A major advantage of PSM is that it addresses confounding factors and biases inherent to observational data. In the context of our study design, it was, for example, reasonable to assume that diligent students, who can typically expect good grades in exams, were also more likely to use the Skills lab for preparation. Failing to consider such parameters can lead to a claimed positive effect of practice that is actually due to high GPA or success in prior exams positively influencing OSCE results [18, 49]. In our study, we corroborated previous findings that students with vocational training or professional experience in adjacent healthcare professions have advantages in certain aspects of the OSCE, especially in the demonstration of medical skills, compared to their classmates with an excellent GPA [18], who entered medical school immediately after graduation. These students may not necessarily need to refresh skills such as blood collection or venous catheter placement.
Irrespective of these considerations and our findings that a complex exam like an OSCE does indeed motivate additional, extracurricular practice of crucial skills and techniques and has positive effects on study success, consistent practice is likely imperative for consolidating any learning achievement. In the academic curriculum, refreshment and consolidation occur formally through clerkships and internships. Whether the skills acquired during OSCE preparation are sustained, or partially forgotten by the end of the program, remains unanswered in this study. Observations from the Skills lab at MHH suggest that students, without the motivation of the OSCE, rarely engage in FP in later years of study. Thus, some routines learned in the second year of study may be forgotten when students graduate [50]. The regular performance of more practically oriented assessments would foster the continuation and internalization of practical-technical skills in the sense of ‘assessment drives learning’ [11]. Although high personnel, time, and financial costs may set limits in this regard [51], a second compulsory OSCE is set to be introduced in 2025 at MHH and will test a wide array of theoretical, practical and communicative skills towards the end of the study program. Whether the second OSCE positively influences students’ willingness to continuously engage in voluntary practice, will become a very interesting research endeavor in a few years’ time.
Strengths and limitations
In our study, we estimated statistically robust treatment effects of voluntary practice on OSCE results in the setting of a real clinical examination of undergraduate students with observational data. With our Propensity Score Matching (PSM) approach, we were able to reduce potential biases and showed that simple statistical sample tests tended to overestimate true effect sizes. Our analysis further showed that a positive relationship between practice and exam success is not a universally valid automatism. Rather, the presence and strength of effects depended on the type, complexity of and familiarity with the task.

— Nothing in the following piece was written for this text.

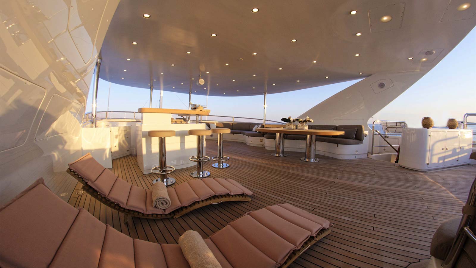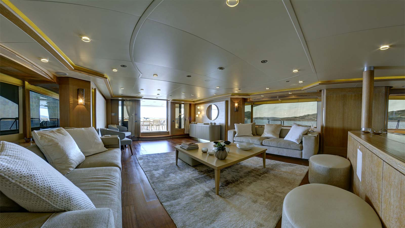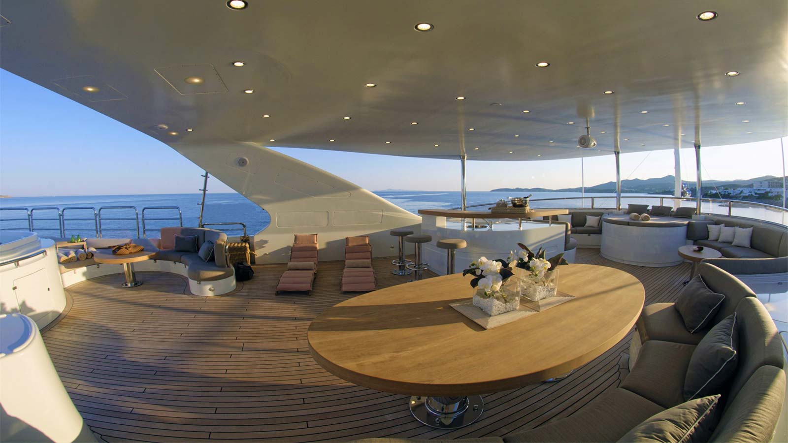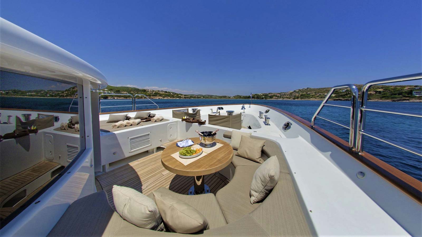 'Grande Amore' motor yacht built by the Italian shipyard Benetti is available for charter and offers guest accommodation for up to 12 guests in 6 suites comprising a master suite, one VIP cabin, two double cabins and two twin cabins. She is also 9 crew onboard to ensure a relaxed luxury yacht charter experience. Keeping comfortable and entertained on 'Grande Amore' is easy thanks to the available amenities, notably a dedicated library, where you can unwind in seclusion. Visit the sauna and disconnect in peace and quiet or head to the beach club and take advantage of indoor-outdoor living and entertaining. You can visit the well-equipped gym so that you can keep up with your fitness routine at sea or elsewhere, retreat to the deck jacuzzi and soak up the scenery.

Some limitations of this study must be acknowledged: our sample comprises less than one-third of eligible participants, although it is quite representative of the three included cohorts. In particular for some less-frequently assessed medical skills, the sample size is small, and matching resulted, on some occasions, in the removal of further observations to obtain precise, robust and unbiased estimates. As some parts of the OSCE were practiced by either a large or a very small share of participants, there are some imbalances in the size of control- and treatment groups, which we countered with matching with replacement. Another limitation is that data on practice behavior and Skills lab visits relied on self-declarations and required participants to recall their OSCE preparation from memory. For this reason, we refrained from asking how often each skill was trained, and we could not verify if participants’ answers were always accurate. Although the OSCE at MHH is highly standardized, our results are not fully generalizable, as timing and topics are university-specific, which is also the case for the equipment of the Skills lab.
Supporting information
Acknowledgments
We thank all respondents for their participation in this study. We appreciate the help by Christoph Noll and Sina Golon in the provision of data on OSCE results and information on exam contents and OSCE procedures. We thank two reviewers and participants at the 2022 annual meeting of the GMA (German Association for Medical Education) for helpful comments and suggestions.
Data Availability
All relevant data are within the manuscript and its Supporting information files.
Funding Statement
The author(s) received no specific funding for this work.
References
- 1.Epstein RM, Hundert EM. Defining and assessing professional competence. JAMA 2002; 287: 226–235. [DOI] [PubMed] [Google Scholar]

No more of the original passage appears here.